# PSU  fan noise -> replace fan/ PSU ?



## z3r0 (Sep 9, 2014)

My PSU fan had started making lot of noise. It is a sleeve based bearing Fan. I tried using sewing machine oil to silence it, it was running without noise for a couple of months and the noise started once again.

My current PSU is : *Cooler Master Extreme Power 600W Power Supply*

1) Can you please suggest whether I can replace the fan alone, if yes, can I buy any 120mm Fan or what spec should I check ?

The existing fan in the PSU is:
Model Part Number: AD1212US-A71GL, 12 Volts, Current 0.5A
Service Unavailable

2)  If I have to replace whole PSU, can you suggest some good PSU for my current PC config below. Budget: Rs.3000 to 5000 (should be able to support any future upgrades )

*My PC Config:*
*Processor: *Intel E8400
*Mother Board:*Abit IP35E
*RAM:* Corsair 2*1GB(800MHz) - TWIN2X2048-6400
*Graphics Card:* Sapphire HD5670 1GDDR5 PCI - E HDMI/DVI-I/DP
*HDD:* Western Digital Caviar SE16 320GB 7200RPM 16MB (WD3200AAKS
*Cabinet:* Cooler Master Elite 330 Computer Case
*DVD Writer:* Samsung SH -S203 SATA DVD RW or Lite - On 20X With Light Scribe
*UPS*: APC 650VA


----------



## quicky008 (Sep 9, 2014)

that CM psu is not considered reliable-it will be a better idea to replace your entire psu rather than getting its fan repaired.Look for Antec VP450p-i think it will suffice for your needs.


----------



## johnjoyjoe1979 (Sep 10, 2014)

quicky008 said:


> that CM psu is not considered reliable-it will be a better idea to replace your entire psu rather than getting its fan repaired.Look for Antec VP450p-i think it will suffice for your needs.



Antec VP450P cables are too short so its better to go with Corsair CX500 @ 3600.


----------



## harshilsharma63 (Sep 10, 2014)

Yes, the fan can be replaced yourself but it will void the warranty. All you need to do is cut the wires powering the existing fan, get a new 120 mm fan and solder the cables together.


----------



## z3r0 (Sep 11, 2014)

Thanks for the answers, the current Cooler Master PSU was bought in 2008. It is running without problems so far. Considering my area is prone to lot of power fluctuations !

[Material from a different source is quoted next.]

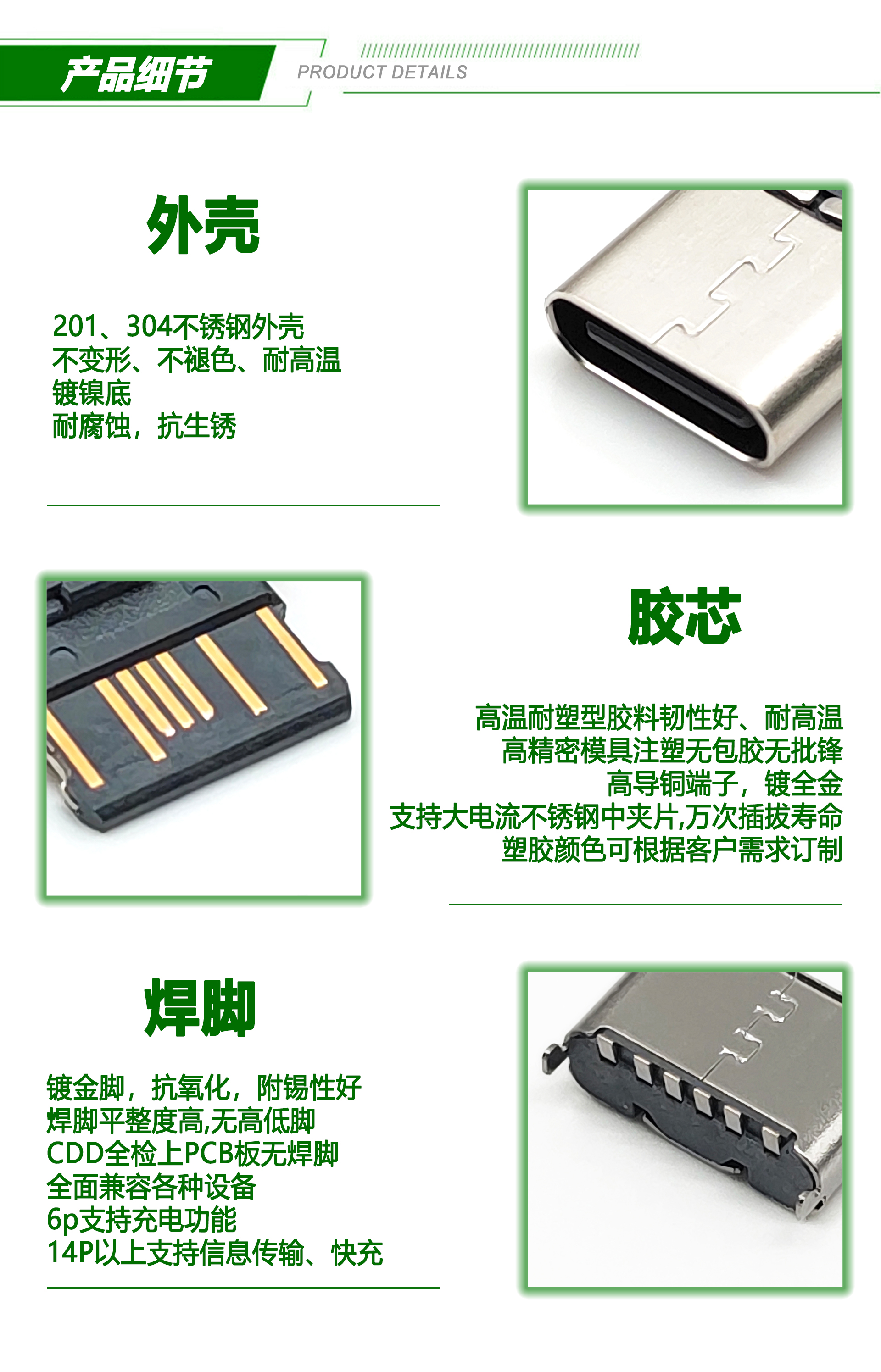 TYPE C母座6PIN 立贴 L=5.15 卷边无弹 2.0新款

I am considering to buy a new PSU, may be will repair the fan keep the CM as standby PSU.

I am in a dilemma between: *Seasonic S12II 430 Watts PSU  & Antec Antec VP450p.*

My requirements are the PSU:
should be able to handle seviour power fluctuations, without burning out/ blowing up capacitors inside
should fit into my current cabinet Cabinet:* Cooler Master Elite 330 Computer Case* without problems
should be silent. I guess the Seasonic has a ball bearing based fan.. will start making noise sooner ?
should survive at least the next 5 years


----------



## vibhubhardwaj85970 (Sep 11, 2014)

brother for talking of topic but i have a qustion is your processor working fine? thinking of buying it as righ now using e5400 wat do you think pls tell


----------



## johnjoyjoe1979 (Sep 11, 2014)

Seasonic S12II 430 Watts PSU is best suited to your purpose.


Antec VP450P have very short cables.


----------



## z3r0 (Sep 11, 2014)

vibhubhardwaj85970 said:


> brother for talking of topic but i have a qustion is your processor working fine? thinking of buying it as righ now using e5400 wat do you think pls tell



Bought in 2008.. working fine so far in my config above.. but the usage of the PC is not that intensive


----------



## rijinpk1 (Sep 11, 2014)

*Re: PSU  fan noise -&gt; replace fan/ PSU ?*



johnjoyjoe1979 said:


> Seasonic S12II 430 Watts PSU is best suited to your purpose.
> 
> 
> *Antec VP450P have very short cables.*



 it is short.but that does not mean that it is not fit for any cabinet. his cabinet is a small one. vp450p wont make any problem unless you go for biggie cabinets.

- - - Updated - - -

@ op, between Seasonic S12II 430 Watts PSU & Antec Antec VP450p, there is only one choice and that is  the Seasonic S12II 430.


----------



## z3r0 (Sep 18, 2014)

*Re: PSU  fan noise -&gt; replace fan/ PSU ?*



rijinpk1 said:


> it is short.but that does not mean that it is not fit for any cabinet. his cabinet is a small one. vp450p wont make any problem unless you go for biggie cabinets.
> 
> - - - Updated - - -
> 
> @ op, between Seasonic S12II 430 Watts PSU & Antec Antec VP450p, there is only one choice and that is  the Seasonic S12II 430.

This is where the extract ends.